----- Dataset records
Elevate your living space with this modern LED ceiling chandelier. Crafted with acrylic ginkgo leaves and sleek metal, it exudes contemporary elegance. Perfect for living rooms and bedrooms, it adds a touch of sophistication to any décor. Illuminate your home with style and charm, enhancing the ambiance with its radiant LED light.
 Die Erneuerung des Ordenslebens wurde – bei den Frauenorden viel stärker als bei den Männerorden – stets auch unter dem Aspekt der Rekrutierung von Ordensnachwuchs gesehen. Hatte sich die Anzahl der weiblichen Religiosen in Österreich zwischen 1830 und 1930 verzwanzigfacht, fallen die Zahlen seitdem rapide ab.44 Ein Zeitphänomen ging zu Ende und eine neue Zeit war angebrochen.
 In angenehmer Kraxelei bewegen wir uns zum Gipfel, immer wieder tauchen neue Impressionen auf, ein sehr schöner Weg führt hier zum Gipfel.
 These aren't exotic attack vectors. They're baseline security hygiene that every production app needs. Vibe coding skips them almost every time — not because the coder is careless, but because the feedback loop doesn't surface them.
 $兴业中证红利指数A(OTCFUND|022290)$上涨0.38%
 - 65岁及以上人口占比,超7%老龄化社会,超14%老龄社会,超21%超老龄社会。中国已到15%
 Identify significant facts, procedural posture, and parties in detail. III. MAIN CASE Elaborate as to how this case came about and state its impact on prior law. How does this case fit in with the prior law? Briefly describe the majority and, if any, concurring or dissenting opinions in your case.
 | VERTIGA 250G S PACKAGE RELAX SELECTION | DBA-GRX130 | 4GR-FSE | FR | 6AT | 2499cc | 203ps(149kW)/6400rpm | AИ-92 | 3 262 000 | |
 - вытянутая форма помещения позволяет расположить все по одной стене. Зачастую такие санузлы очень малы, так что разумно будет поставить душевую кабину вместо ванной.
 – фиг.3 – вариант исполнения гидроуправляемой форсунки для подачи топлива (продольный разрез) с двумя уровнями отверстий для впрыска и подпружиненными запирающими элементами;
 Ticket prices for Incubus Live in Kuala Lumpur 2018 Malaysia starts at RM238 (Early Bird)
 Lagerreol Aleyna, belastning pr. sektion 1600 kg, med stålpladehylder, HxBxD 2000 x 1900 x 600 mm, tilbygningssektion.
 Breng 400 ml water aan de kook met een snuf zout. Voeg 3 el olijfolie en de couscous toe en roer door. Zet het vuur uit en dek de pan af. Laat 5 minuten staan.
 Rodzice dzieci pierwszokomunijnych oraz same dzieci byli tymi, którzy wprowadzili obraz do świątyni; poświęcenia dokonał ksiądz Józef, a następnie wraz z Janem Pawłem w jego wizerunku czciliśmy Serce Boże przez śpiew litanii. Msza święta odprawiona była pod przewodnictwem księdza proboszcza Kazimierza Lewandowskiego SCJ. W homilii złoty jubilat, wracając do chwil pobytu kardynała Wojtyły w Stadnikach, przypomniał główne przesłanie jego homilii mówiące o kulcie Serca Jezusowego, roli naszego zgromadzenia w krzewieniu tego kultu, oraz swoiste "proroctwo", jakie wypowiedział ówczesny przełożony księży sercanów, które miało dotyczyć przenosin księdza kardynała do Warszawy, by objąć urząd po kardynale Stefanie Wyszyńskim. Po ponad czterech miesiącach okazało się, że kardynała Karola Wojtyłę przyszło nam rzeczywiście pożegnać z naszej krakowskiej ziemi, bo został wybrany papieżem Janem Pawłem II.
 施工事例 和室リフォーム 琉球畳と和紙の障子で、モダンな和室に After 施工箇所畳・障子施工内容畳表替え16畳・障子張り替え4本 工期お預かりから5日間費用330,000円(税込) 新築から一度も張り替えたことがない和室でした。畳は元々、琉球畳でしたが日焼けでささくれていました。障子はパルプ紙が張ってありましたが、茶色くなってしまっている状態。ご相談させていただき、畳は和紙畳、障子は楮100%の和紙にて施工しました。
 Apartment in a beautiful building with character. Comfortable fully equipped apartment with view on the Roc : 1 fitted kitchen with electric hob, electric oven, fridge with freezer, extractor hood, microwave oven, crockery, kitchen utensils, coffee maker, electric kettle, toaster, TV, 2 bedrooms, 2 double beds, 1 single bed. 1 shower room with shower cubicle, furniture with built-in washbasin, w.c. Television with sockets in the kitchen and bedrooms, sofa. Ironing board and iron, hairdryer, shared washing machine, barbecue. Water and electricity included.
----------
#### [Work required]
Which lines of the listing include the string "bedrooms"? Pull them out.

#### [Solved exercise]
Elevate your living space with this modern LED ceiling chandelier. Crafted with acrylic ginkgo leaves and sleek metal, it exudes contemporary elegance. Perfect for living rooms and bedrooms, it adds a touch of sophistication to any décor. Illuminate your home with style and charm, enhancing the ambiance with its radiant LED light.
 Apartment in a beautiful building with character. Comfortable fully equipped apartment with view on the Roc : 1 fitted kitchen with electric hob, electric oven, fridge with freezer, extractor hood, microwave oven, crockery, kitchen utensils, coffee maker, electric kettle, toaster, TV, 2 bedrooms, 2 double beds, 1 single bed. 1 shower room with shower cubicle, furniture with built-in washbasin, w.c. Television with sockets in the kitchen and bedrooms, sofa. Ironing board and iron, hairdryer, shared washing machine, barbecue. Water and electricity included.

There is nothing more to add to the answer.